__GOAL OF THE EXERCISE__
I'd like the data beneath this line reproduced exactly, without any of its images.

__EXERCISE DATA__
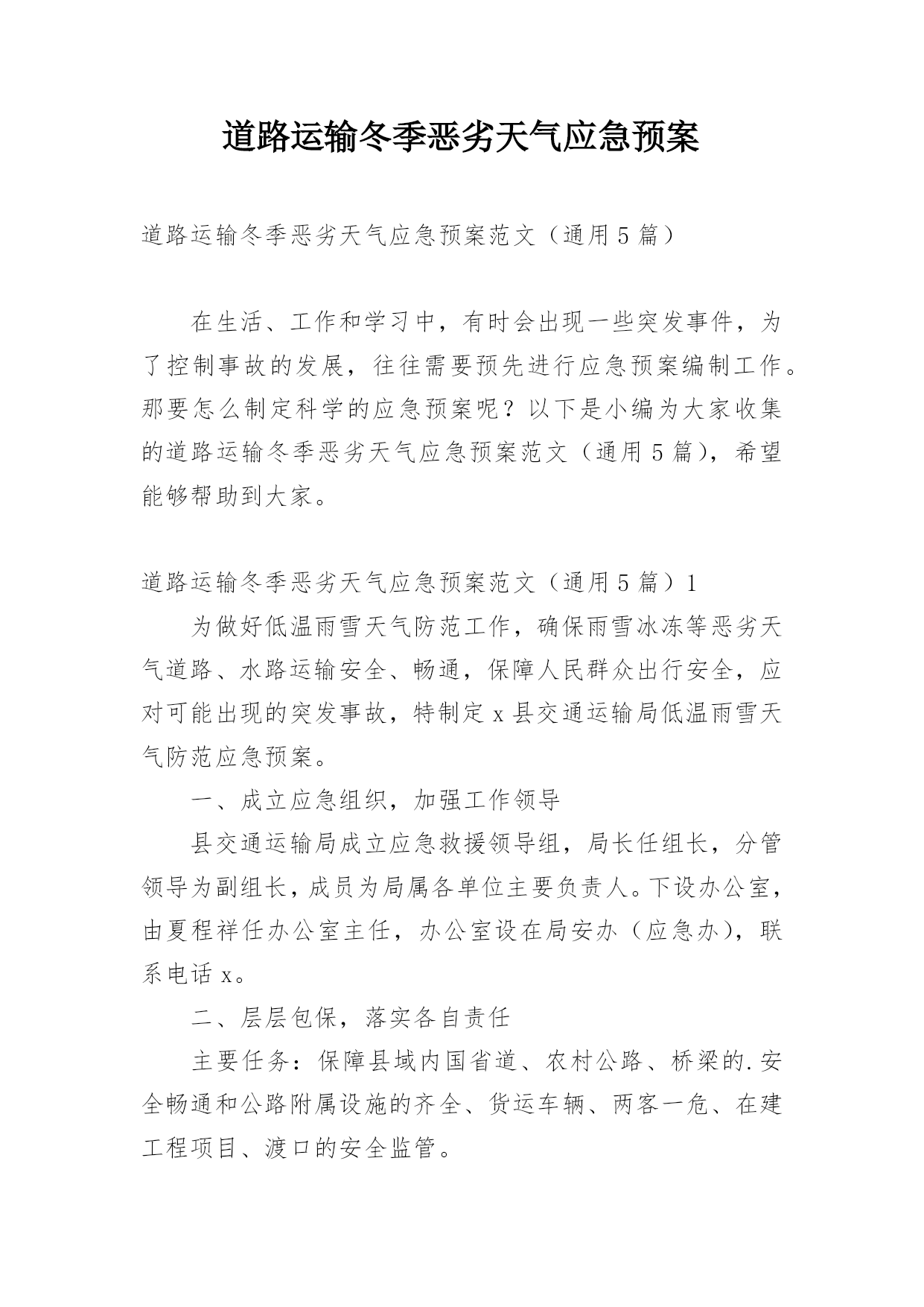 道路运输冬季恶劣天气应急预案道路运输冬季恶劣天气应急预案范文(通用5篇)在生活、工作和学习中,有时会出现一些突发事件,为了控制事故的发展,往往需要预先进行应急预案编制工作。那要怎么制定科学的应急预案呢?以下是小编为大家收集的道路运输冬季恶劣天气应急预案范文(通用5篇),希望能够帮助到大家。道路运输冬季恶劣天气应急预案范文(通用5篇)1为做好低温雨雪天气防范工作,确保雨雪冰冻等恶劣天气道路、水路运输安全、畅通,保障人民群众出行安全,应对可能出现的突发事故,特制定x县交通运输局低温雨雪天气防范应急预案。一、成
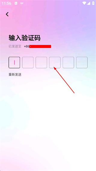 4、最后在在输入验证码页面,填写收到的6位验证码,完成账号登录。
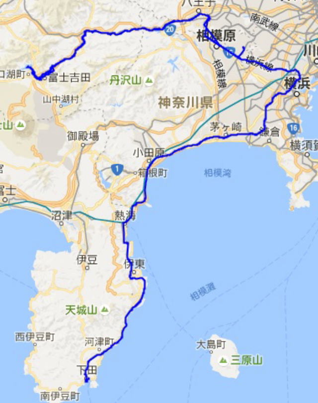 相模大野-小田原-熱海-伊豆急下田(下田市内散策)-横浜-八王子-高尾-大月-河口湖(河口湖散策)-八王子-町田(自宅)

__WRITTEN RESPONSE__
 道路运输冬季恶劣天气应急预案道路运输冬季恶劣天气应急预案范文(通用5篇)在生活、工作和学习中,有时会出现一些突发事件,为了控制事故的发展,往往需要预先进行应急预案编制工作。那要怎么制定科学的应急预案呢?以下是小编为大家收集的道路运输冬季恶劣天气应急预案范文(通用5篇),希望能够帮助到大家。道路运输冬季恶劣天气应急预案范文(通用5篇)1为做好低温雨雪天气防范工作,确保雨雪冰冻等恶劣天气道路、水路运输安全、畅通,保障人民群众出行安全,应对可能出现的突发事故,特制定x县交通运输局低温雨雪天气防范应急预案。一、成
 4、最后在在输入验证码页面,填写收到的6位验证码,完成账号登录。
 相模大野-小田原-熱海-伊豆急下田(下田市内散策)-横浜-八王子-高尾-大月-河口湖(河口湖散策)-八王子-町田(自宅)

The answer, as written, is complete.